What is required -> In the entries that follow, the first line to write out is the one containing "अ ्षय कुमार", and the last is the one containing "ich ging zu". Reproduce that stretch exactly, with nothing before or after it.

Supplied data ->
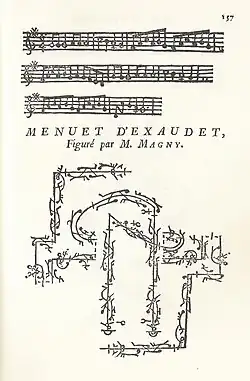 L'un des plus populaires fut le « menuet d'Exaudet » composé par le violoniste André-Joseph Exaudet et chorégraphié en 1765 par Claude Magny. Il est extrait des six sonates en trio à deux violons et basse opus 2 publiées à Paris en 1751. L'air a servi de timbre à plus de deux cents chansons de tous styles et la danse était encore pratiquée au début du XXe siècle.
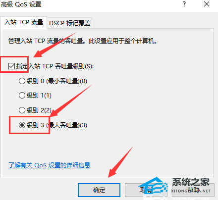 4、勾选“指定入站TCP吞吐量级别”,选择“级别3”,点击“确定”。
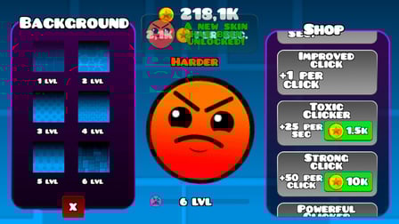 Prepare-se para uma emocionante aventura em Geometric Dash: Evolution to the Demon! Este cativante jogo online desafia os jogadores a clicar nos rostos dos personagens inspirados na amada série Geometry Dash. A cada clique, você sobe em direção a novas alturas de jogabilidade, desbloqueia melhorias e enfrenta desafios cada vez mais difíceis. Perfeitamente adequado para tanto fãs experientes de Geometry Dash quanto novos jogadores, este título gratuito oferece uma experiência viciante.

--

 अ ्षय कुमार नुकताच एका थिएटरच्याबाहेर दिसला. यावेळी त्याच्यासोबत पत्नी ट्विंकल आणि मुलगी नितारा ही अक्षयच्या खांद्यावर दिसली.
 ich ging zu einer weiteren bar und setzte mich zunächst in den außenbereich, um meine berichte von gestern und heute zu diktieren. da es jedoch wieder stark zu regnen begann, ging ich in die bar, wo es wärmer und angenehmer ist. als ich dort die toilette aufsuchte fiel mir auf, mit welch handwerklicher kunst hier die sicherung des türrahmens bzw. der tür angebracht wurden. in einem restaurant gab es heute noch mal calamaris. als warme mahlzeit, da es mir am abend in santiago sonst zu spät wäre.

Answer below ->
 अ ्षय कुमार नुकताच एका थिएटरच्याबाहेर दिसला. यावेळी त्याच्यासोबत पत्नी ट्विंकल आणि मुलगी नितारा ही अक्षयच्या खांद्यावर दिसली.
 ich ging zu einer weiteren bar und setzte mich zunächst in den außenbereich, um meine berichte von gestern und heute zu diktieren. da es jedoch wieder stark zu regnen begann, ging ich in die bar, wo es wärmer und angenehmer ist. als ich dort die toilette aufsuchte fiel mir auf, mit welch handwerklicher kunst hier die sicherung des türrahmens bzw. der tür angebracht wurden. in einem restaurant gab es heute noch mal calamaris. als warme mahlzeit, da es mir am abend in santiago sonst zu spät wäre.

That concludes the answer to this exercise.